Birdman gives us great performances across the board. It’s the best performance I’ve ever seen from Keaton – by a large margin. It’s hard to imagine that Riggan could have been played by anyone else. Edward Norton gives the film’s best performance, however, as Mike Shiner, an established Broadway star that is hired at the last minute to replace one of the show’s actors after an unfortunate “accident.” Shiner is a difficult person and wastes little time in making an enemy of Riggan – suggesting changes in dialogue during his first read through and insisting on drinking real alcohol during rehearsals. Norton plays the role gleefully and provides numerous laughs in the film. The rest of the ensemble cast is sharp and everyone does well with the difficult shooting format.

I thought Birdman was a great film. It’s one that is tough to digest after one viewing and requires a bit deeper thinking, so it’s possible I could one day view it as a masterpiece. The one take style is unique and adds to the film’s wonder instead of coming across gimmicky. Keaton and Norton give stunning performances. I don’t think Birdman is for everyone – it’s a bit grimy and plenty difficult – but for serious filmgoers, it’s a clear must see.
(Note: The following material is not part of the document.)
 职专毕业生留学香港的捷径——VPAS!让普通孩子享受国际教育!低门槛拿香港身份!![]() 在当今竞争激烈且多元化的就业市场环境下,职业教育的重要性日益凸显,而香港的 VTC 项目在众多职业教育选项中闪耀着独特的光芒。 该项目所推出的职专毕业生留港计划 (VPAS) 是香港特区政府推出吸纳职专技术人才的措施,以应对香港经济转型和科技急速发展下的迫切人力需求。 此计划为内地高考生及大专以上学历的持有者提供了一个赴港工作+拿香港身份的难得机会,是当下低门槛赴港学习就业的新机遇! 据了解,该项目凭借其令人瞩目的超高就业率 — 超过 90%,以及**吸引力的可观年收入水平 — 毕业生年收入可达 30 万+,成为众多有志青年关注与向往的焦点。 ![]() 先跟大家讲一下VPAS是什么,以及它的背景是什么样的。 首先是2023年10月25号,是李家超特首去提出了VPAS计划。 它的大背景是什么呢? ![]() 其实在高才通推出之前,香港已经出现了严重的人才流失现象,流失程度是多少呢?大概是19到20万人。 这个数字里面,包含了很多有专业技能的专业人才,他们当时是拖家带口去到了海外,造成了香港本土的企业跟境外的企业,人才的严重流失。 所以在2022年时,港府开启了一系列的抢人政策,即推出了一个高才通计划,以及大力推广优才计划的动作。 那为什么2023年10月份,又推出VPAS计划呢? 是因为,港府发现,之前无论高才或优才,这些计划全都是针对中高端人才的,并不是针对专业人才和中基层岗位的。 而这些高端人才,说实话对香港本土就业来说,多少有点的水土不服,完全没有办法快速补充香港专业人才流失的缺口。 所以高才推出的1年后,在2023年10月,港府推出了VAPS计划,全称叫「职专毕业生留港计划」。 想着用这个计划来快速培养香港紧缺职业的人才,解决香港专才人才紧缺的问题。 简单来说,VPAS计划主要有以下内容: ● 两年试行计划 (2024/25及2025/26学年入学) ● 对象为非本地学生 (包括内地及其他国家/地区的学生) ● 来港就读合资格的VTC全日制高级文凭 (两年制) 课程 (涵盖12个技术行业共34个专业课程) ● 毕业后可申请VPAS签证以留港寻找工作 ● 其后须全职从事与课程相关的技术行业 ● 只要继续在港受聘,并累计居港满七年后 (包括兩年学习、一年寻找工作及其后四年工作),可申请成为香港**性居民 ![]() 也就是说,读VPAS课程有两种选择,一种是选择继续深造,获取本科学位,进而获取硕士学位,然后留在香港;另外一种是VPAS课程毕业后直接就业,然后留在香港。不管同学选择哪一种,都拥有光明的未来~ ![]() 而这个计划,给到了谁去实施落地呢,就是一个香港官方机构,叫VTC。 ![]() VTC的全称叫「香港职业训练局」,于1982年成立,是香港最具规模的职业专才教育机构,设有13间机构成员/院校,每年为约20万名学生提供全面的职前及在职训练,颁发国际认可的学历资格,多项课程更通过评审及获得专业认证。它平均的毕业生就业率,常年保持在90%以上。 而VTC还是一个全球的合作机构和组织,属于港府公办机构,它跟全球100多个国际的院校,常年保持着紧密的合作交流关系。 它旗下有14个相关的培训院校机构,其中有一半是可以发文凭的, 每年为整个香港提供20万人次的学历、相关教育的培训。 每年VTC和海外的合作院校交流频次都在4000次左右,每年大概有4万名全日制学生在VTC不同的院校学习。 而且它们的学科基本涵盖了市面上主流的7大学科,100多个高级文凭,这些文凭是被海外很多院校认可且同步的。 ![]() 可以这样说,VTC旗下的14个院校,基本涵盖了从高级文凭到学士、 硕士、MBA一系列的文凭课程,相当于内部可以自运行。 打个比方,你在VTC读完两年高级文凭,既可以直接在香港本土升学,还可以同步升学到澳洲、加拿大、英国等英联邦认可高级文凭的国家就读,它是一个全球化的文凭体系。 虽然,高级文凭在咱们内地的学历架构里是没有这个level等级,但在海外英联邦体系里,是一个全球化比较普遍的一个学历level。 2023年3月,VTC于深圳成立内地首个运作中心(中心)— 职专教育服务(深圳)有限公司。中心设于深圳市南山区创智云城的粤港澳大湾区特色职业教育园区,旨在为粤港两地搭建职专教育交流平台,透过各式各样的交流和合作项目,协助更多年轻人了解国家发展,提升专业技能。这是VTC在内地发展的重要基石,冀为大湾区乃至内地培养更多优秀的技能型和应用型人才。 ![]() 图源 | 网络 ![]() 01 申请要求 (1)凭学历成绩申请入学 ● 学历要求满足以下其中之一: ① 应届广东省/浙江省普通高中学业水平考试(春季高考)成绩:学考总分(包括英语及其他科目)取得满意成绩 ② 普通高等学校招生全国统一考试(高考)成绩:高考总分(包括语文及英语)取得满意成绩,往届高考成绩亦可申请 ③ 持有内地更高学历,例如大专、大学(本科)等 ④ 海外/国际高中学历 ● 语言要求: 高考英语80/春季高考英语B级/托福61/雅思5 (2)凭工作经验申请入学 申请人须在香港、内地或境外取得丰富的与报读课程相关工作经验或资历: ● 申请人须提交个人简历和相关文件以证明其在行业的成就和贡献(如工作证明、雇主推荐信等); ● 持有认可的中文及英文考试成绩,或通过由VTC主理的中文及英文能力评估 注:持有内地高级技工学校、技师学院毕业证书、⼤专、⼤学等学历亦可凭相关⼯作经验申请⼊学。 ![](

Replay Value: Multiple viewings required.
Sequel Potential: None.
Oscar Potential: Crushed the Oscars, winning statues for Best Picture, Best Director, Best Original Screenplay, and Best Cinematography, while being nominated in five other categories, including acting noms for Keaton, Norton, and Stone. Interestingly, Birdman did not receive a nomination in film editing, which kind of boggles my mind.